In last week’s column I described the low pressure system and extremely humid atmospheric moisture levels that were forecast to slide westward along the Gulf Coast from Florida, and which ultimately produced the record rains and massive flooding. 

Early last week when I wrote that column, computer weather models were predicting that extreme rains were most likely to fall to our east and our south. I mentioned that a shift of 100 miles in those predictions could make the difference between us getting a couple of inches of rain and ten inches.

As the week wore on, forecasters continued to shift the predicted bullseye for heavy rain to the west, eventually posting flash flood watches for the affected areas.
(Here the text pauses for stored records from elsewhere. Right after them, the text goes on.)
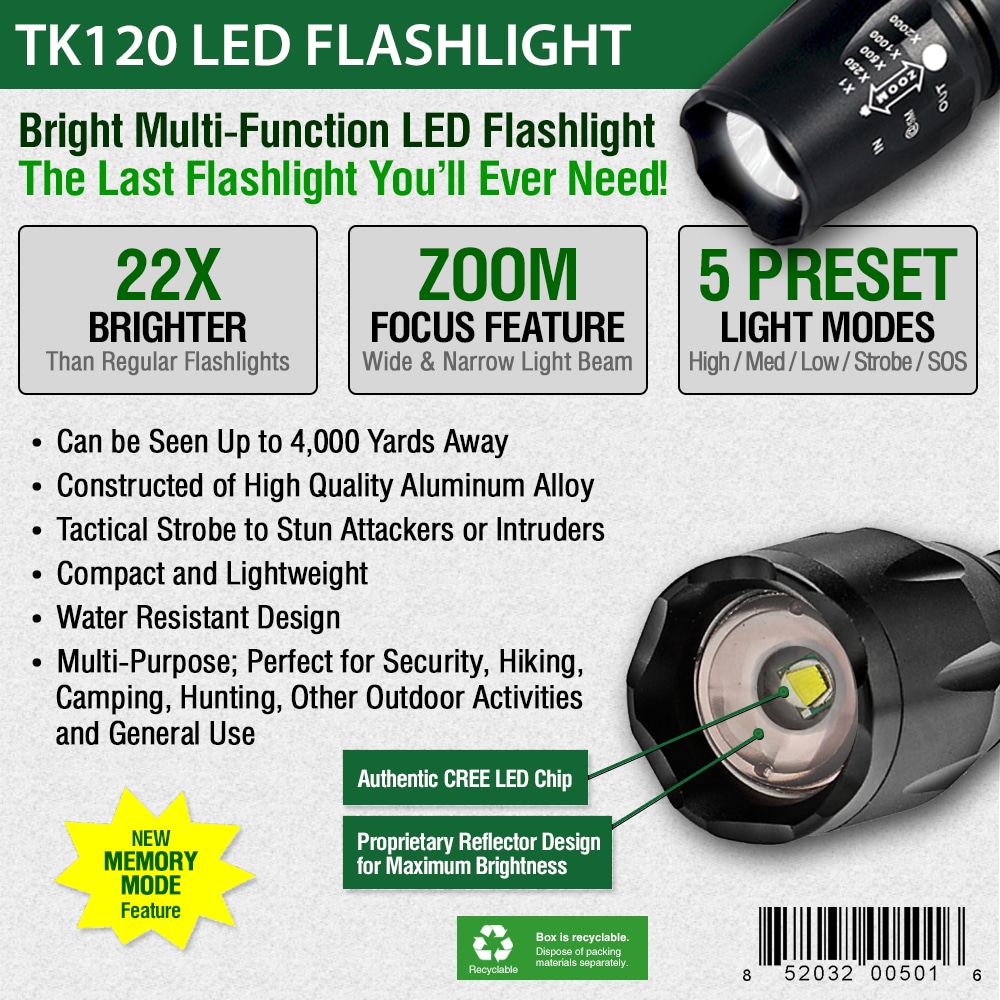 The TK120 LED Flashlight is a complete professional LED flashlight kit for home use, outdoor activities, security and professionals. Equipped with multiple light modes, the TK120 LED Tactical Flashlight delivers excellent light spread when using the zoom feature (adjustable focus). Constructed using high-quality standards, the TK120 Professional LED Flashlight is made of aircraft grade aluminum alloy with a hardened anodized finish. So when the going gets tough the TK120 Flashlight gives you high-strength and durability needed for nearly any situation.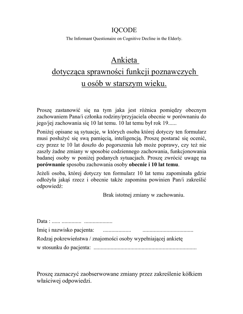 IQCODE The Informant Questionaire on Cognitive Decline in the Elderly. Ankieta dotycząca sprawności funkcji poznawczych u osób w starszym wieku. Proszę zastanowić się na tym jaka jest różnica pomiędzy obecnym zachowaniem Pana/i członka rodziny/przyjaciela obecnie w porównaniu do jego/jej zachowania się 10 lat temu. 10 lat temu był rok 19...... Poniżej opisane są sytuacje, w których osoba której dotyczy ten formularz musi posłużyć się swą pamięcią, inteligencją. Proszę postarać się ocenić, czy przez te 10 lat doszło do pogorszenia lub może poprawy, czy też nie zaszły żadne zmiany w sposobie codziennego zachowania, funkcjonowania badanej osoby w poniżej podanych sytuacjach. Proszę zwrócić uwagę na porównanie sposobu zachowania osoby obecnie i 10 lat temu. Jeżeli osoba, której dotyczy ten formularz 10 lat temu zapominała gdzie odłożyła jakąś rzecz i obecnie także zapomina powinien Pan/i zakreślić odpowiedź: Brak istotnej zmiany w zachowaniu. Data : ...... .............. .................... Imię i nazwisko pacjenta: .................... .................................... Rodzaj pokrewieństwa / znajomości osoby wypełniającej ankietę w stosunku do pacjenta: ......................................................................... Proszę zaznaczyć zaobserwowane zmiany przez zakreślenie kółkiem właściwej odpowiedzi. W porównaniu do 10 lat wstecz osoba, której dotyczy ten formularz: 1. Rozpoznaje twarze osób z rodziny i przyjaciół. 2. Pamięta imiona osób z rodziny i przyjaciół. 3. Pamięta rzeczy dotyczące rodziny i przyjaciół (np. zawód, dzień urodzin, adresy). 4. Pamięta rzeczy które miały niedawno miejsce. 1 2 znaczna lekka poprawa poprawa znaczna lekka poprawa poprawa znaczna lekka poprawa poprawa znaczna lekka poprawa poprawa 3 brak istotnych zmian brak istotnych zmian brak istotnych zmian 4 lekkie pogorszenie 5 znaczne pogorszenie lekkie pogorszenie znaczne pogorszenie lekkie pogorszenie znaczne pogorszenie lekkie pogorszenie znaczne pogorszenie lekkie pogorszenie znaczne pogorszenie brak istotnych zmian brak istotnych zmian brak istotnych zmian lekkie pogorszenie znaczne pogorszenie lekkie pogorszenie znaczne pogorszenie lekkie pogorszenie znaczne pogorszenie brak istotnych zmian brak istotnych zmian 5. Potrafi odtworzyć rozmowę sprzed kilku dni. znaczna lekka poprawa poprawa 6. Zapomina w środku rozmowy co chciał/a powiedzieć. 7. Pamięta swój adres i numer telefonu. znaczna lekka poprawa poprawa 8. Orientuje się jaki jest dzień tygodnia, miesiąc, rok. znaczna lekka poprawa poprawa 9. Pamięta gdzie zazwyczaj trzymane są różne rzeczy. znaczna lekka poprawa poprawa brak istotnych zmian lekkie pogorszenie znaczne pogorszenie 10.Umie przypomnieć sobie gdzie można znaleźć rzeczy odłożone w inne niż zazwyczaj miejsce. 11. Umie przystosować się do zmian w codziennym planie dnia. 12.Umie posługiwać się zmechanizowanym sprzętem gospodarstwa domowego. 13. Jest w stanie nauczyć się jak używać nowych przyrządów lub maszyn w gospodarstwie domowym. 14. Posiada ogólną znaczna lekka poprawa poprawa brak istotnych zmian lekkie pogorszenie znaczne pogorszenie znaczna lekka poprawa poprawa brak istotnych zmian brak istotnych zmian lekkie pogorszenie znaczne pogorszenie lekkie pogorszenie znaczne pogorszenie znaczna lekka poprawa poprawa znaczna lekka poprawa poprawa znaczna lekka poprawa poprawa brak istotnych zmian lekkie pogorszenie znaczne pogorszenie znaczna brak lekkie znaczne lekka zdolność uczenia się różnych nowych rzeczy. 15. Pamięta wydarzenia które miały miejsce w jego / jej młodości. poprawa poprawa 16. Pamięta rzeczy których nauczył(a) się w młodości. 17. Rozumie znaczenie rzadko używanych słów. znaczna lekka poprawa poprawa znaczna lekka poprawa poprawa 18. Rozumie artykuły z czasopism lub gazet. znaczna lekka poprawa poprawa 19. Jest zdolny śledzić przebieg akcji w książkach lub serialach telewizyjnych. 20. Daje sobie radę z napisaniem listu do przyjaciela lub w sprawach służbowych. 21.Orientuje się w ważnych wydarzeniach historycznych. 22. Podejmuje decyzje dotyczące codziennych spraw. 23. Umie właściwie gospodarować pieniędzmi na zakupach. 23. Potrafi zajmować się finansami (np. emerytura, renta, załatwienie spraw w banku, na poczcie). 24. Daje sobie radę z innymi problemami życia codziennego (umie określić jak dużo kupić żywności, jak częste są odwiedziny przyjaciół). znaczna lekka poprawa poprawa znaczna lekka poprawa poprawa istotnych zmian brak istotnych zmian pogorszenie pogorszenie lekkie pogorszenie znaczne pogorszenie brak istotnych zmian brak istotnych zmian brak istotnych zmian brak istotnych zmian lekkie pogorszenie znaczne pogorszenie lekkie pogorszenie znaczne pogorszenie lekkie pogorszenie znaczne pogorszenie lekkie pogorszenie znaczne pogorszenie znaczna lekka poprawa poprawa brak istotnych zmian lekkie pogorszenie znaczne pogorszenie znaczna lekka poprawa poprawa brak istotnych zmian brak istotnych zmian brak istotnych zmian brak istotnych zmian lekkie pogorszenie znaczne pogorszenie lekkie pogorszenie znaczne pogorszenie lekkie pogorszenie znaczne pogorszenie lekkie pogorszenie znaczne pogorszenie znaczna lekka poprawa poprawa znaczna lekka poprawa poprawa znaczna lekka poprawa poprawa znaczna lekka poprawa poprawa brak istotnych zmian lekkie pogorszenie znaczne pogorszenie 26.Umie zorientować się, znaczna lekka co się wokół niego / niej poprawa poprawa dzieje, rozumie dlaczego się tak dzieje. brak istotnych zmian lekkie pogorszenie znaczne pogorszenie Tłumaczenie: lek.med. Aleksandra Klimkowicz, Szpital uniwersytecki, Kraków, Polska E-mail: [email protected]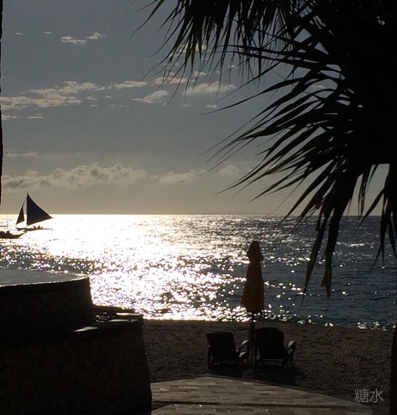 当太阳徐徐落下,长滩岛的海岸逐渐形成一片黄金长滩。香格里拉在日落的照耀下显得生气勃勃,闪闪发光的细沙、金黄色的遮阳伞和碧蓝色的海水衬托着酒店的每一处,让人过目不忘。
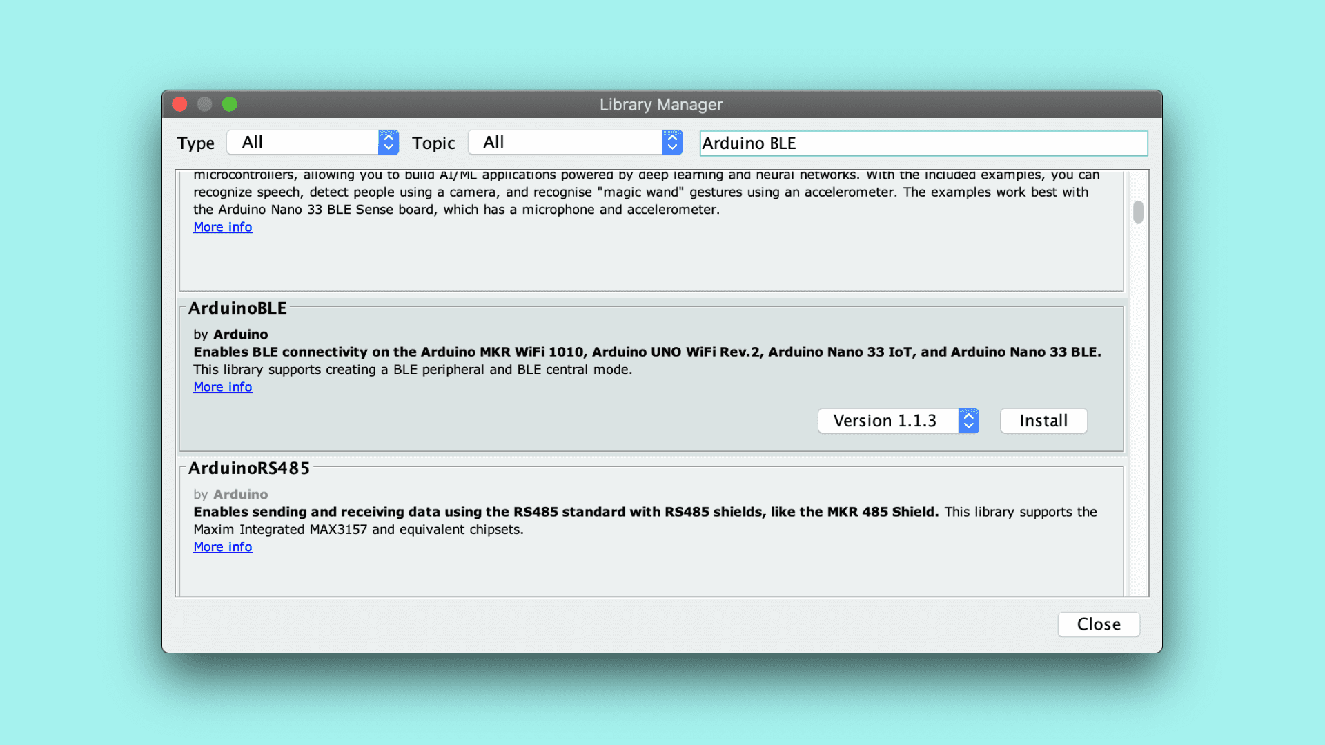 Download the Bluetooth® Low Energy library in the Library Manager.

As it turned out, rain totals in and around Picayune and Carriere were generally from just under two inches up to almost four inches for Thursday through Friday. The heaviest rain bands came as close as Franklinton, Louisiana, a mere 40 miles as the crow flies from us, where ten inches of rain fell.

By Sunday the low-pressure system that brought all of this rain and misery to Louisiana had drifted west into Texas and become part of a stationary front that stretched from that state north into the Great Lakes region. Meanwhile, the semitropical Bermuda High Pressure Ridge began nosing westward from the Atlantic into the Gulf of Mexico and the Gulf states.

The Bermuda High will be the dominant weather system affecting our weather this week. That means warm and humid with weak southerly breezes coming off the Gulf. Along with this pattern will come widely scattered to scattered afternoon and evening showers and thunderstorms. It’s impossible to know exactly where those showers will occur. The chances that it will rain where you are on any particular afternoon this week are about the same as, or just a little less than, your chances of getting tails when flipping a coin. 

In other words, after last week’s unusual weather, summer monotony returns for this week.